All it says is, "Dined at Mr Mitchell's; Saw M. at 12pm in
CH Room." The casual tone of his notes contrasts sharply
with the turmoil of his life at that very moment.
That, in itself, should have been enough to draw the attention of Madeleine's defence team but the most striking feature of this diary is that this entry - Wednesday 11th February - was the very first entry in the diary. There are no previous entries. From the first moment of putting pen to paper, this diary had only one purpose: to put a noose around the neck of Madeleine Smith. |
The unsuspecting victim
His scheme was so transparent - the diary is such an obvious fabrication - that it is hard to believe anyone could be taken in by it but, in the minds of all involved in the case - both prosecution and defence - his arsenic ridden corpse established the plain, obvious, and seemingly indisputable fact that he was the victim. How could it possibly be otherwise? As with all the best riddles, we are tricked by our own assumptions.

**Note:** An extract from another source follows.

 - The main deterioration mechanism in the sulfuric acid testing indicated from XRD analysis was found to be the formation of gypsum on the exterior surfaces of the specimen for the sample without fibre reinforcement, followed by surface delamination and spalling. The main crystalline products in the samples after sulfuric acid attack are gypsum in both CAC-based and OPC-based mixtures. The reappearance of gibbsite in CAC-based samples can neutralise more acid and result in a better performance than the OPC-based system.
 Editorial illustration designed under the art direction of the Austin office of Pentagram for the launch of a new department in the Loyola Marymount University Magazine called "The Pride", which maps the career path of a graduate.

From that day on, firstly by making it known that he was suffering from unaccountable illnesses after visiting Madeleine and by priming his friends with heavy hints of poisoning, he set about creating a well of suspicion against her, and the diary, he believed, would put her guilt beyond doubt.

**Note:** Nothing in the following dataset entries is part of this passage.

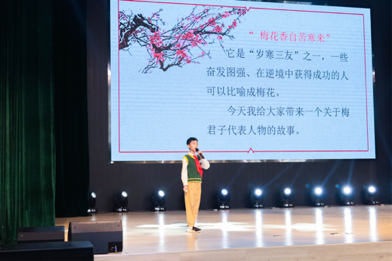 淡淡書香品人生, 四五六年級學生通過分享魯迅、文天祥、林徽因、王亞平等梅君子代表人物的故事,學習名人身上的優秀品質,在閱讀和分享中塑造“堅韌不拔、自強不息、嚴于律己、公平正義”的君子人格。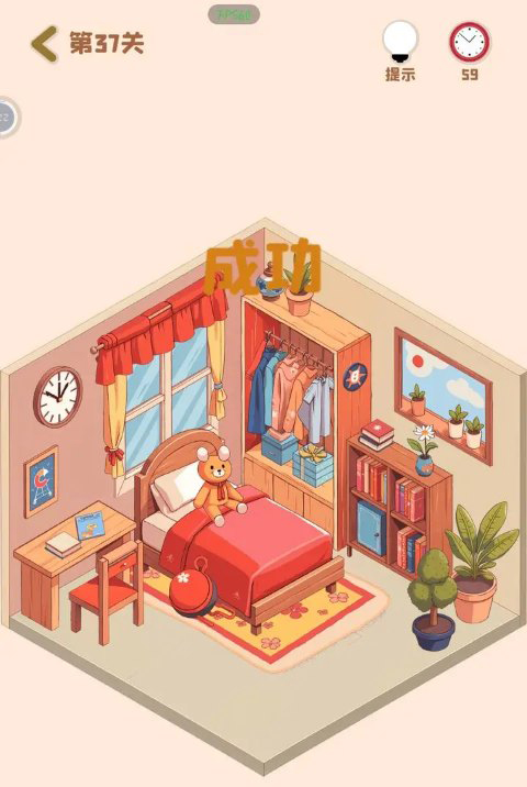 -玩家需要将一些小型家具和装饰品放在适当的位置,使房间看起来整洁有序。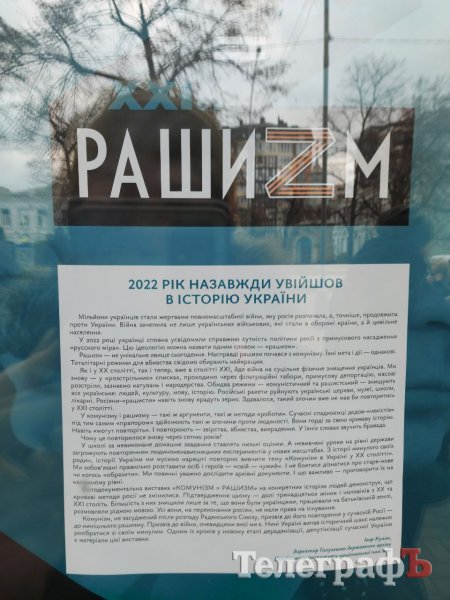 Виставка «Комунізм = рашизм» вперше була проекспонована у червні у Києві біля Михайлівського собору. Потім вона «подорожувала» Київщиною, Чернігівщиною, побувала у Черкасах, а на Полтавщині – у Полтаві та Миргороді. Виставка у нашому місті залишатиметься мінімум 2 тижні. А після Кременчука експонати поїдуть у Кропивницький.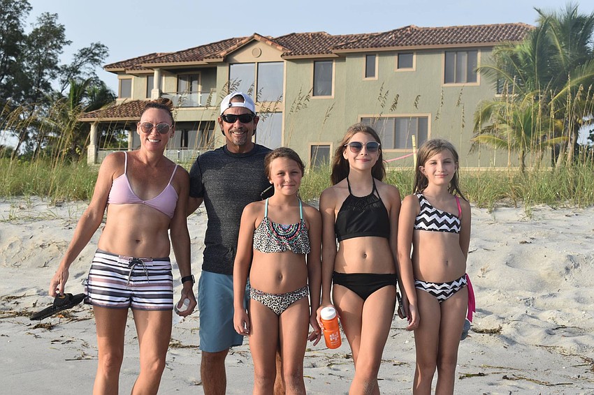 Kirsty, Dale, Kirsten, Sadie and Alexi Pitts walk along the beach on the evening of July 8.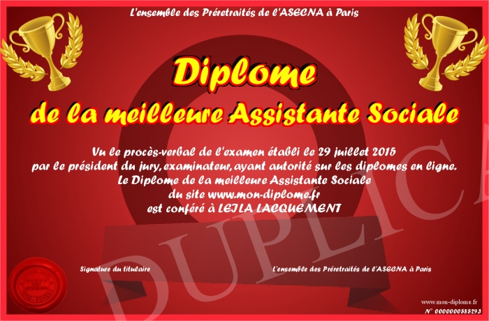 Envoyez par email votre Diplôme de la meilleure Assistante Sociale personalisé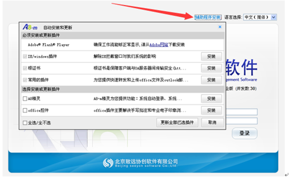 重新啟動IE瀏覽器,再次選擇輔助程序安裝,在彈出窗口選擇全選,并更新全部已選插件;

Mon 23rd Mar As he is attended by the doctor in his final hours, he now makes absolutely no mention of that which has been such a favourite topic of conversation for the past few weeks - coffee, chocolate, poison and Madeleine Smith. Obviously, he now has no choice but to feign ignorance. Had he made any mention to the doctor of his "suspicions," the question would immediately have arisen, "but why, if you thought you were being poisoned, did you take more?" In fact, the role of accuser has been assigned to Miss Perry. She, by now, was well primed for the task and, had she arrived earlier that morning, she could have informed the doctor that the possibility of poison must be considered, and his life might have been saved. He waited until daylight before sending for Miss Perry but, for whatever reason, Miss Perry did not come immediately. The best laid schemes of mice and psychopaths gang aft aglee. Under the combined influence of arsenical poisoning and the morphia which the doctor had prescribed to alleviate the pain, he fell asleep, never to wake.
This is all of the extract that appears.